Overall, soil charcoal pools reported here are comparable to results from other temperate forest and shrubland ecosystems [4,27]. We identified a significant main effect (GLMM analysis) of vegetation type on SOC and CC content from foothill shrublands to subalpine forests along the Colorado Front Range. Unique to this study, we found that SOC and CC in surface mineral soil pools do not increase with elevation gain but instead there is a weak bimodal pattern across this landscape. These results support the observation that total SOC pools and fire-derived charcoal form and accumulate via fire regime and soil properties which are related to vegetation type.

Differences in ecological conditions in the study area are applied here to interpret the overall patterns of soil charcoal (Table 2). From an aboveground perspective, the most important influences on soil CC pools are fire regime and available biomass sources.
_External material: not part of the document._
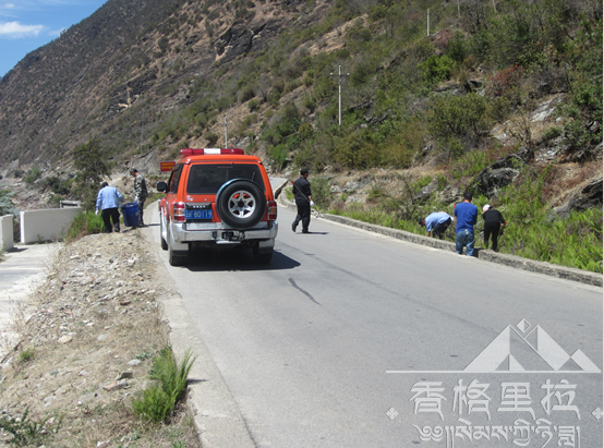 为响应香格里拉撤县设市的要求,在五境乡党委政府的统一安排下,五境林场(站)全体职工于4月16日至18日对香维公路总长5公里进行为期三天的大扫除,为了美化、优化环境,同志们不怕苦不怕累,冒着烈日把公路沿线的卫生死角清理得干干净净,为创设一个环境卫生高质量的乡镇而不懈努力。(格桑)

For example, foothills shrublands (1700–1900 m) and lodgepole pine forests (2800–3000 m) occur at different elevations but have similar mean CC amounts, which are also the lowest among all vegetation types. For foothills shrublands, it is the combination of high surface fire frequency and low lignin-based fuel sources that result in less charcoal formed per fire. This is an outcome of the limited time for re-growth but more burns to contribute charcoal over time. In temperate grassland ecosystems with repeated surface fires, BC can complex with existing soil organic matter leading to long-term retention [28,29]. Foothills shrublands have ubiquitous grass cover and are likely to retain soil charcoal in a similar manner. Finally, this may be an under-estimation of shrubland CC given charcoal movement to deeper layers in the profile [30].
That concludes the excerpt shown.